Description of the task: Restate, word for word and with no pictures, the stretch of lines in the data below that begins at the line with "Western cactus, hat" and ends at the line with "and Inauspicious Timings.", inclusive.

Data for the task:
********

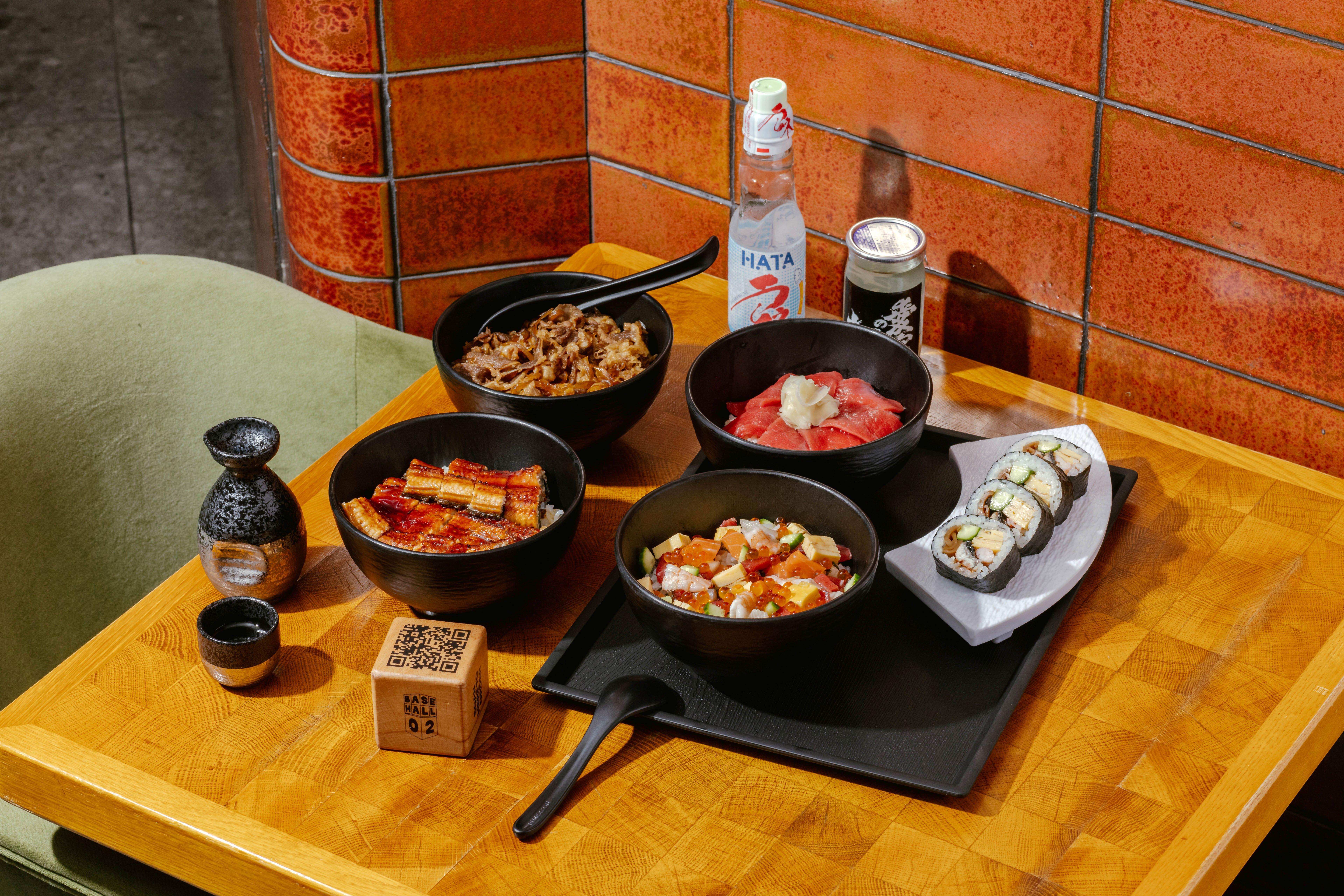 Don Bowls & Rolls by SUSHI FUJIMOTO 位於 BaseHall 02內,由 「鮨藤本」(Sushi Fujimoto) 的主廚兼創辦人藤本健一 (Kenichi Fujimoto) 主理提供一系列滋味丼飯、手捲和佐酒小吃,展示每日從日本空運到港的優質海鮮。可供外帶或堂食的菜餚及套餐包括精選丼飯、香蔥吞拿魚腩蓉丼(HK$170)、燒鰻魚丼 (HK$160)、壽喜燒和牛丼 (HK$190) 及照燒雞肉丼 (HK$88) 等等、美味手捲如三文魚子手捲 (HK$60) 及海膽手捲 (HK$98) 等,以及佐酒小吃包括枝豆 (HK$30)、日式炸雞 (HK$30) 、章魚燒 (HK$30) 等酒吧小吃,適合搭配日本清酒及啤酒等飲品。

********

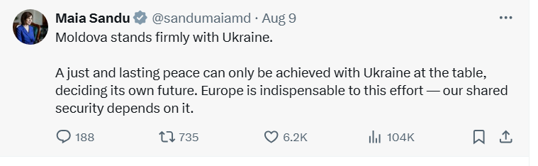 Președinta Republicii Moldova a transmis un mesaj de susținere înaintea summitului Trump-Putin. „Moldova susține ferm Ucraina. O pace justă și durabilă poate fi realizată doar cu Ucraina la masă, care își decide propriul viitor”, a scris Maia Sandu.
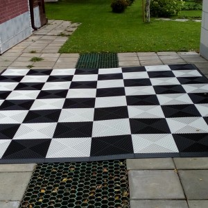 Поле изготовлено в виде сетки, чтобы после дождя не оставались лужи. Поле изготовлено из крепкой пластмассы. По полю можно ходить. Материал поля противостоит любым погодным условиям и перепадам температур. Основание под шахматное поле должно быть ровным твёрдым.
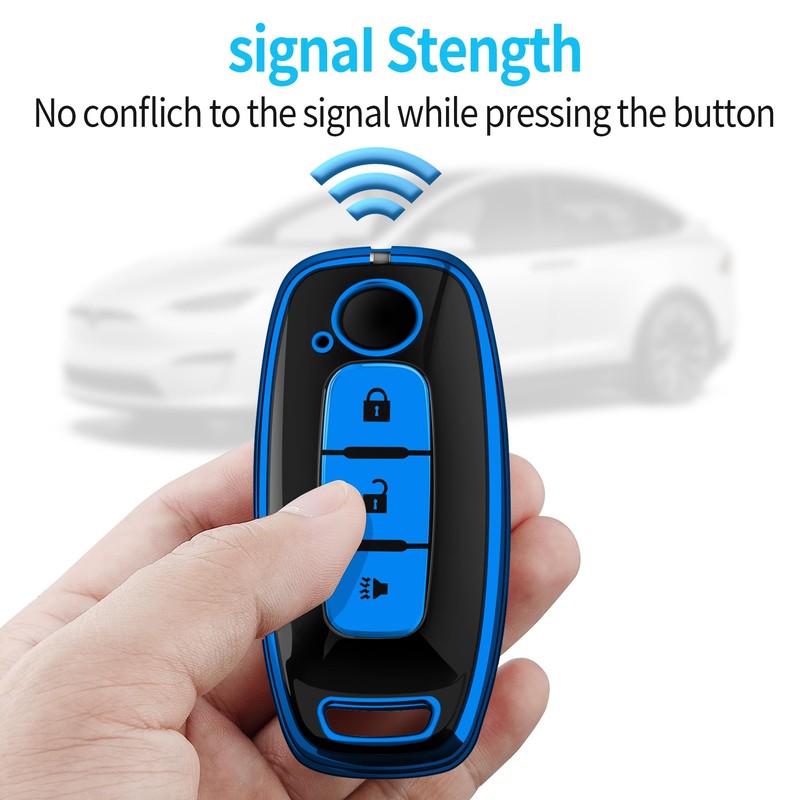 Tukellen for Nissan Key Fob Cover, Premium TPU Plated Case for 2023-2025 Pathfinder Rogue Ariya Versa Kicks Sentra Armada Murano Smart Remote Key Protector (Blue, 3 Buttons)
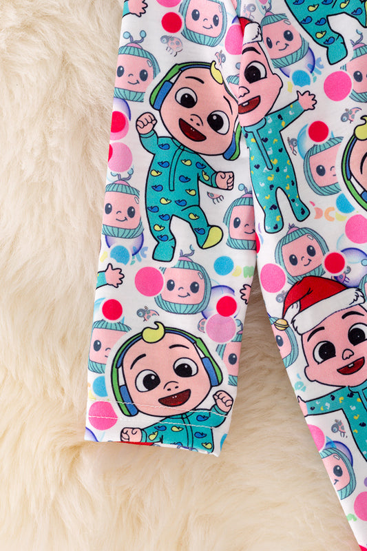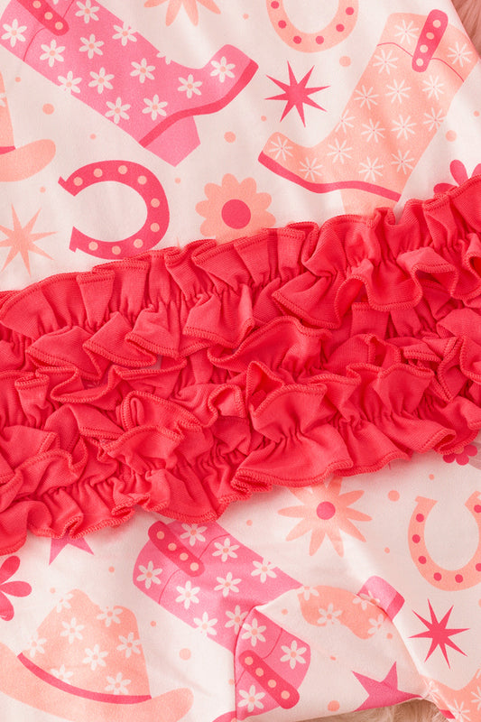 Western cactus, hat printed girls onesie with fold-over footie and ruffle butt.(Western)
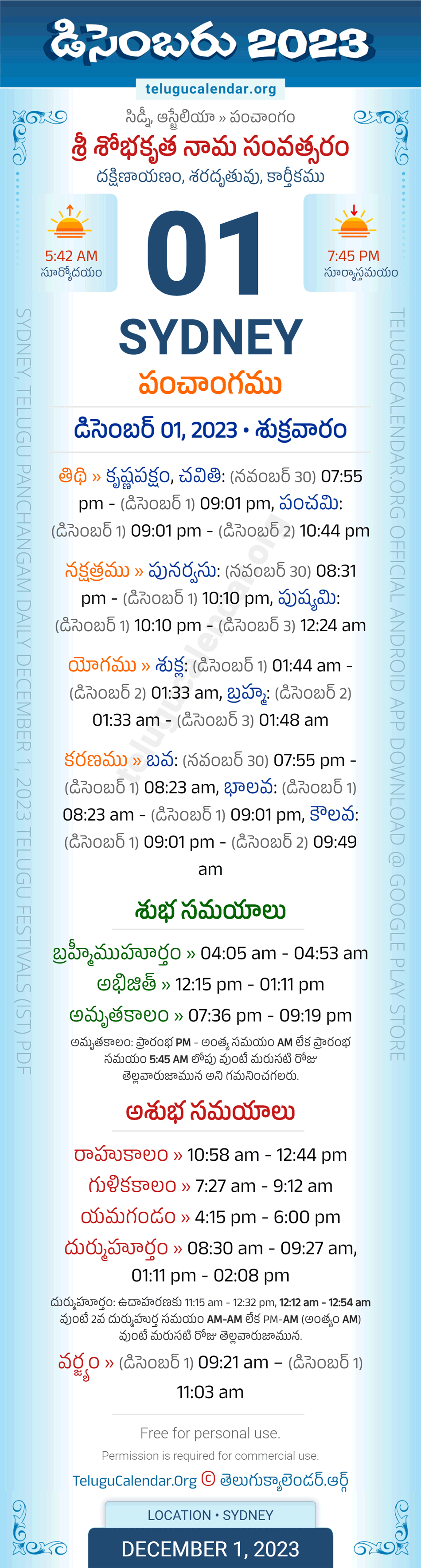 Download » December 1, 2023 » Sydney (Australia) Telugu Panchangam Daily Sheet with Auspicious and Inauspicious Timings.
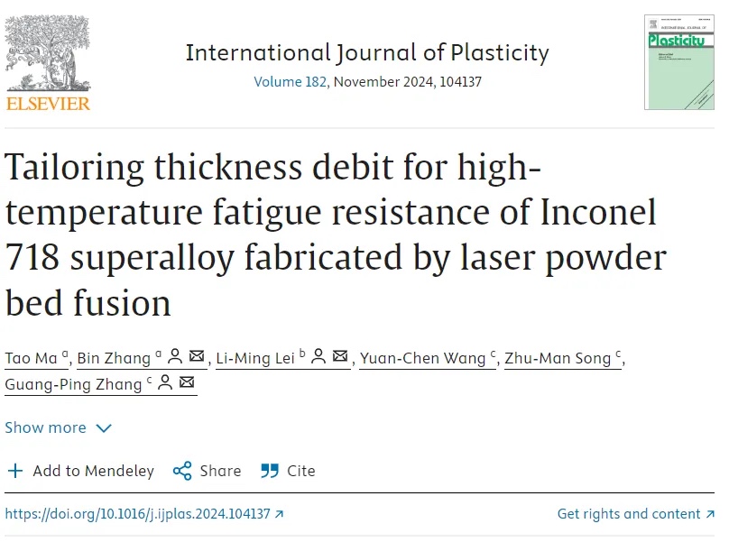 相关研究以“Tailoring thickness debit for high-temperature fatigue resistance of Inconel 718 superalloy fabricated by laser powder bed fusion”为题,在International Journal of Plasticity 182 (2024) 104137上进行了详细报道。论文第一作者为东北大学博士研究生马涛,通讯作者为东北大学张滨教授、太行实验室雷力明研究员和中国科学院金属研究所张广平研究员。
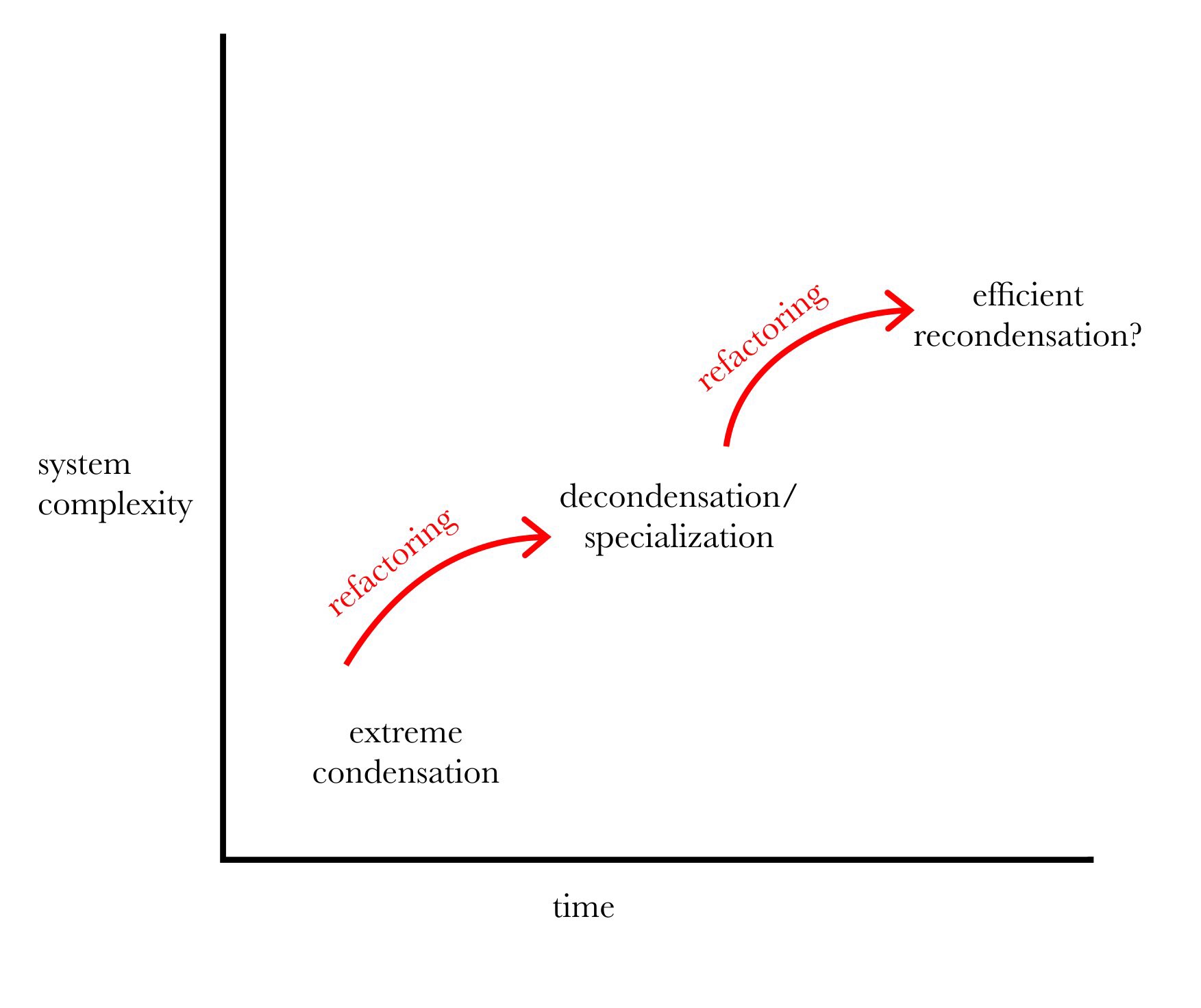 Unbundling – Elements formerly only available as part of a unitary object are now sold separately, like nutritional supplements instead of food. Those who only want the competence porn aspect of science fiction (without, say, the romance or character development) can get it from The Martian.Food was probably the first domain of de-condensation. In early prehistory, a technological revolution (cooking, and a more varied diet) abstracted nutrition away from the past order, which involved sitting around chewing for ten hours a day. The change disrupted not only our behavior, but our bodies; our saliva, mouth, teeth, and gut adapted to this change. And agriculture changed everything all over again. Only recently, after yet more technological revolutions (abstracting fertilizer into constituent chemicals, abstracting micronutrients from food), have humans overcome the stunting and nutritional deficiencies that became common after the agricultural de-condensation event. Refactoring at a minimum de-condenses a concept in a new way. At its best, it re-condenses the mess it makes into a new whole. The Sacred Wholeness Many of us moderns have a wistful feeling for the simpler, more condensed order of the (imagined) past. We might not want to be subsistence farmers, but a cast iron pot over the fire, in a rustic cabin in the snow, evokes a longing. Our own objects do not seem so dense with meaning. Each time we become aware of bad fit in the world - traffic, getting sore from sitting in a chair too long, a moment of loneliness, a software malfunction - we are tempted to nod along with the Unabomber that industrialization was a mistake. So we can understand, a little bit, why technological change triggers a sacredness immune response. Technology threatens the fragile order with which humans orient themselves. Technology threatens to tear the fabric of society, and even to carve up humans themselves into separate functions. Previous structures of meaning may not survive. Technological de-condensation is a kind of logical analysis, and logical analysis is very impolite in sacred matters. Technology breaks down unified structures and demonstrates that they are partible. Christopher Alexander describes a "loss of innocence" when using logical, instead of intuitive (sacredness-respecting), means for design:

********

Solution to this task:
 Western cactus, hat printed girls onesie with fold-over footie and ruffle butt.(Western)
 Download » December 1, 2023 » Sydney (Australia) Telugu Panchangam Daily Sheet with Auspicious and Inauspicious Timings.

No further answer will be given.